La crisi normativa che ha investito il settore degli autovelox non è solo una battaglia legale o burocratica: è una minaccia per l’innovazione. Dietro il vuoto legislativo che impedisce l’omologazione dei dispositivi, si sta consumando una crisi industriale che rischia di far arretrare l’Italia in un comparto ad alta specializzazione tecnologica. A denunciarlo sono le aziende stesse, che parlano di progetti congelati, contratti sospesi e investitori in fuga.
“Un Paese senza norme non può innovare”
La Ci.ti.esse srl di Como, tra le principali realtà italiane del settore, ha scelto di reagire con una diffida formale ai ministeri delle Infrastrutture e delle Imprese, chiedendo l’emanazione del decreto di omologazione previsto dall’articolo 192 del Codice della Strada. “Non chiediamo incentivi, ma certezze”, spiega l’avvocato Pasquale Didona, che assiste la società. “Un Paese che non definisce regole tecniche chiare non può pretendere innovazione. Senza un quadro stabile, le aziende non investono e i talenti si spostano altrove”. Il timore, infatti, è che le competenze italiane nel controllo intelligente del traffico vengano disperse o acquisite da competitor stranieri.
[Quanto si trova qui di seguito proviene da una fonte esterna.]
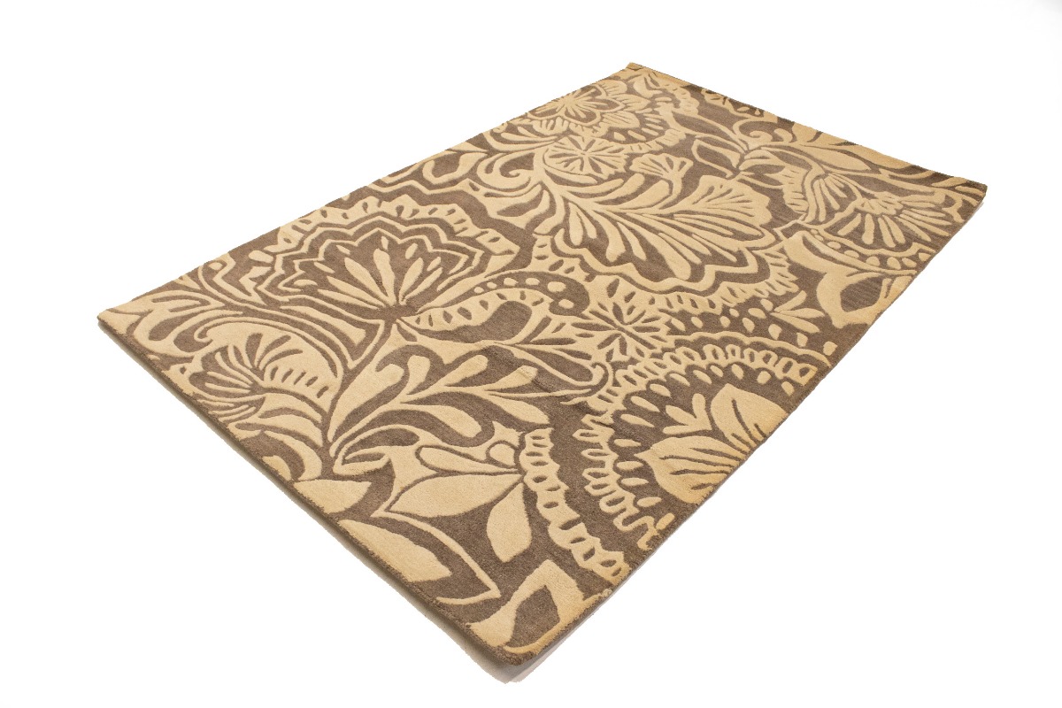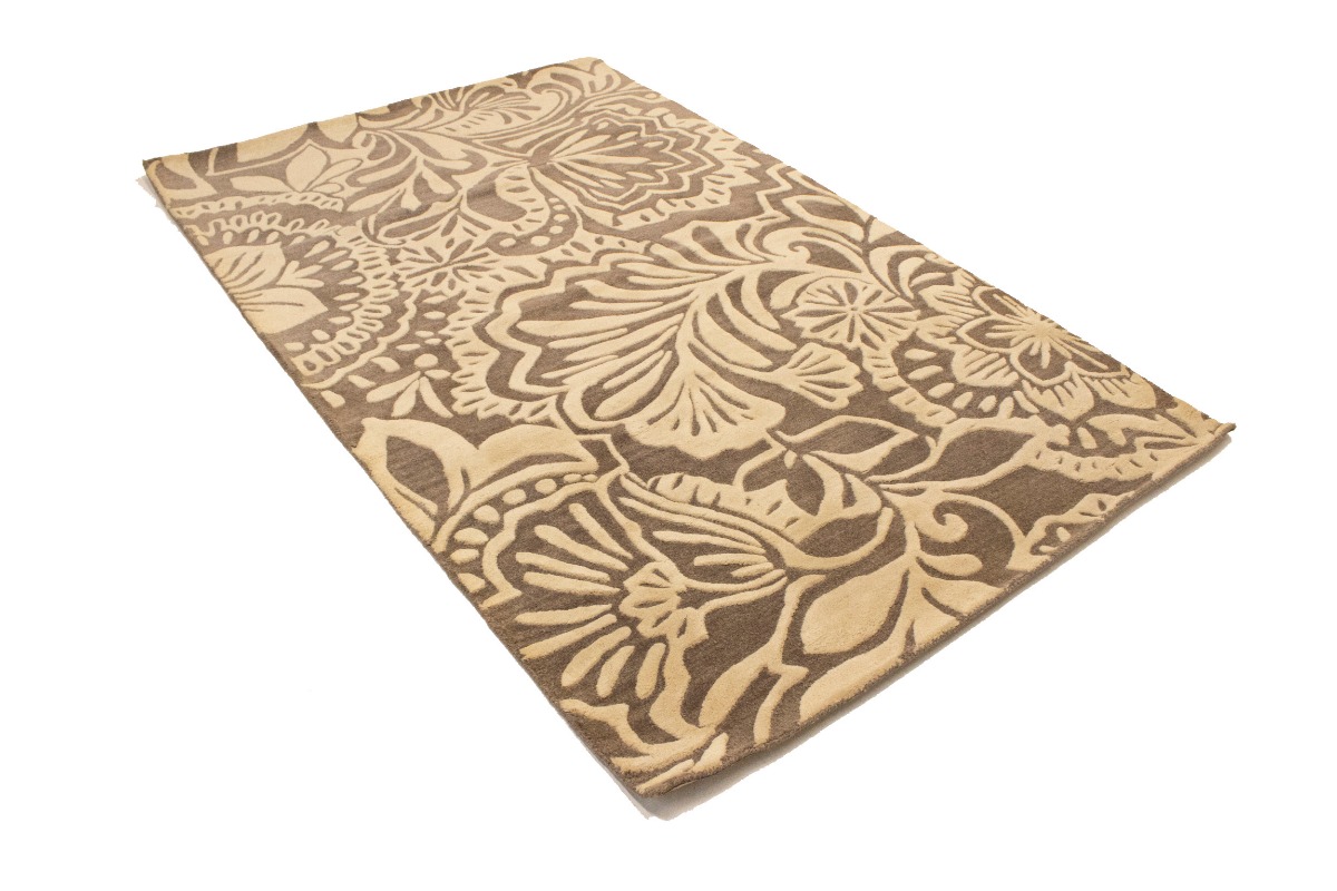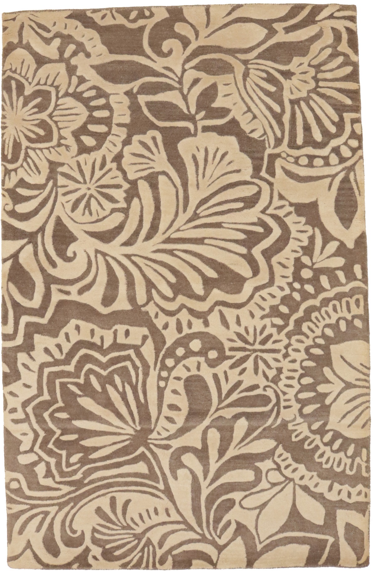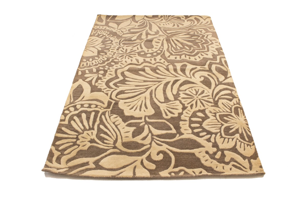 Brown & Cream Floral 5X8 Hand-Tufted Modern Rug

Investimenti congelati e progetti fermi
Secondo fonti del settore, centinaia di migliaia di euro di investimenti in ricerca, sensoristica e software sono oggi congelati.
Le aziende avevano avviato programmi di sviluppo per integrare i nuovi dispositivi nelle piattaforme di mobilità urbana intelligente, ma senza un decreto di omologazione non è possibile testarli né commercializzarli.
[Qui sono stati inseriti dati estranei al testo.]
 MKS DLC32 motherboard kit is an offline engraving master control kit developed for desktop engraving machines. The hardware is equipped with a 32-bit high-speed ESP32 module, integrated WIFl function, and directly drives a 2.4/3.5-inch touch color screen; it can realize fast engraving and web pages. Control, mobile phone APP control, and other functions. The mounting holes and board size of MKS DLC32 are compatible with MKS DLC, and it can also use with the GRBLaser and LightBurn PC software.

“Abbiamo sistemi pronti, ma siamo costretti a lasciarli nei laboratori”, spiega un tecnico di una società milanese. “Il rischio è che tra qualche mese saranno già superati, e i fondi investiti andranno perduti”.
Un vuoto che favorisce la concorrenza estera
In Europa, altri Paesi hanno già aggiornato i propri standard di omologazione, creando un contesto favorevole all’innovazione.
Le imprese italiane, invece, restano intrappolate in un limbo che mina la loro competitività internazionale. “Ogni mese di immobilismo equivale a un mese di vantaggio per i competitor stranieri”, osservano gli imprenditori del comparto. “Siamo costretti a rinunciare a gare e collaborazioni perché mancano i riferimenti normativi che altrove esistono da anni”.
Appello delle aziende: “Ristabilire fiducia e stabilità”
Le imprese chiedono un intervento immediato del governo per sbloccare il decreto e restituire certezza al mercato. “Non servono scorciatoie o interpretazioni temporanee”, ribadisce Didona. “Serve una norma definitiva che ridia fiducia agli operatori e garantisca la sopravvivenza di un settore strategico per la mobilità e la sicurezza”. In assenza di risposte rapide, il rischio è che l’Italia perda una delle sue filiere tecnologiche più solide, costruita in anni di esperienza, innovazione e competenza.